CVE-2025-41117 is a vulnerability identified in Grafana versions 12.2.0 and 12.3.0 that affects the Explore Traces feature when used with datasources leveraging the Jaeger HTTP API. The core issue lies in the way stack traces are rendered: they are displayed as raw HTML without proper sanitization, allowing malicious JavaScript code embedded within the stack trace field to execute in the user's browser. This constitutes a cross-site scripting (XSS) vulnerability. The attack vector requires an attacker to inject JavaScript into the stack trace data, which is then rendered in the Explore Traces view. Notably, this vulnerability does not affect Jaeger gRPC or Tempo datasources, limiting the scope to Jaeger HTTP API users. The CVSS v3.1 score is 6.8, reflecting a medium severity due to network attack vector, high impact on confidentiality and integrity, but requiring user interaction and high attack complexity. No known exploits have been reported in the wild, indicating limited active exploitation at this time. The vulnerability could allow attackers to steal session tokens, perform actions on behalf of users, or conduct phishing attacks within the Grafana interface. Since Grafana is widely used for monitoring and observability, the compromise of its interface could lead to significant information disclosure and manipulation risks.

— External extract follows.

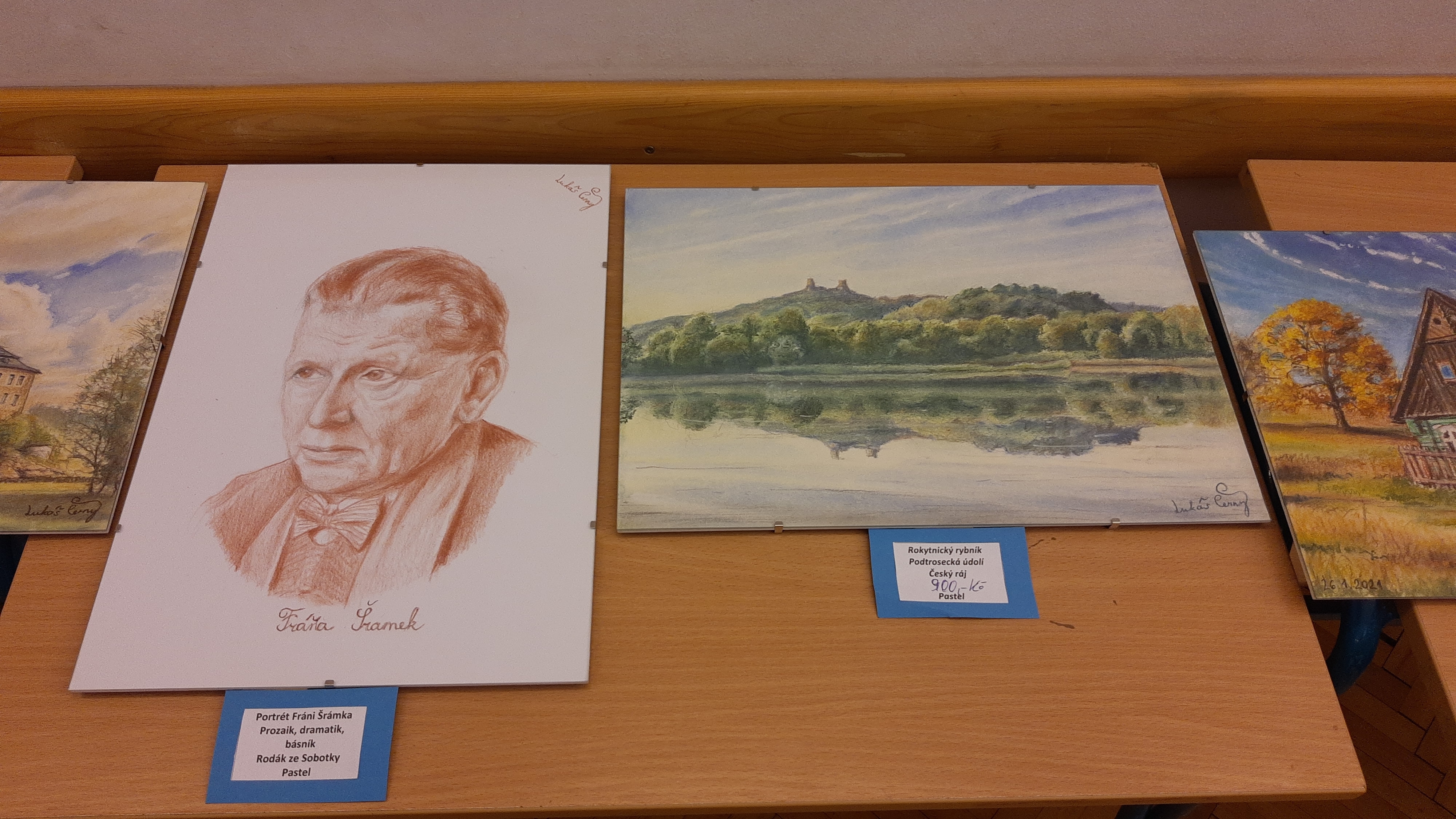 Od 13 hodin byla zahájena vernisáž slabozrakého malíře a našeho člena Lukáše Černého, který nám představil své obrazy.

For European organizations, this vulnerability poses a risk primarily to the confidentiality and integrity of monitoring data and user sessions within Grafana dashboards. Attackers exploiting this XSS flaw could hijack user sessions, steal sensitive monitoring data, or execute malicious actions within the Grafana environment. This is particularly critical for organizations relying on Grafana for infrastructure monitoring, application performance, and security analytics, as compromised dashboards could lead to misinformation or unauthorized access to operational insights. The impact is heightened in sectors with stringent data protection requirements such as finance, healthcare, and critical infrastructure. Additionally, since the vulnerability requires user interaction, social engineering or phishing campaigns could be used to lure users into triggering the malicious payload. The lack of impact on availability reduces the risk of service disruption but does not diminish the threat to data confidentiality and integrity.

European organizations should immediately assess their use of Grafana versions 12.2.0 and 12.3.0 with Jaeger HTTP API datasources. Mitigation steps include: 1) Upgrading Grafana to a version where this vulnerability is patched once available; 2) If immediate patching is not possible, restrict access to the Explore Traces view or disable it for users who do not require it; 3) Implement strict input validation and sanitization on stack trace data before rendering, possibly through custom middleware or proxy solutions; 4) Educate users about the risks of interacting with untrusted stack trace data and encourage cautious behavior; 5) Monitor Grafana logs and network traffic for suspicious activity indicative of attempted exploitation; 6) Employ Content Security Policy (CSP) headers to limit the execution of unauthorized scripts within the Grafana web interface; 7) Limit Grafana access to trusted networks and enforce strong authentication and session management controls to reduce the attack surface.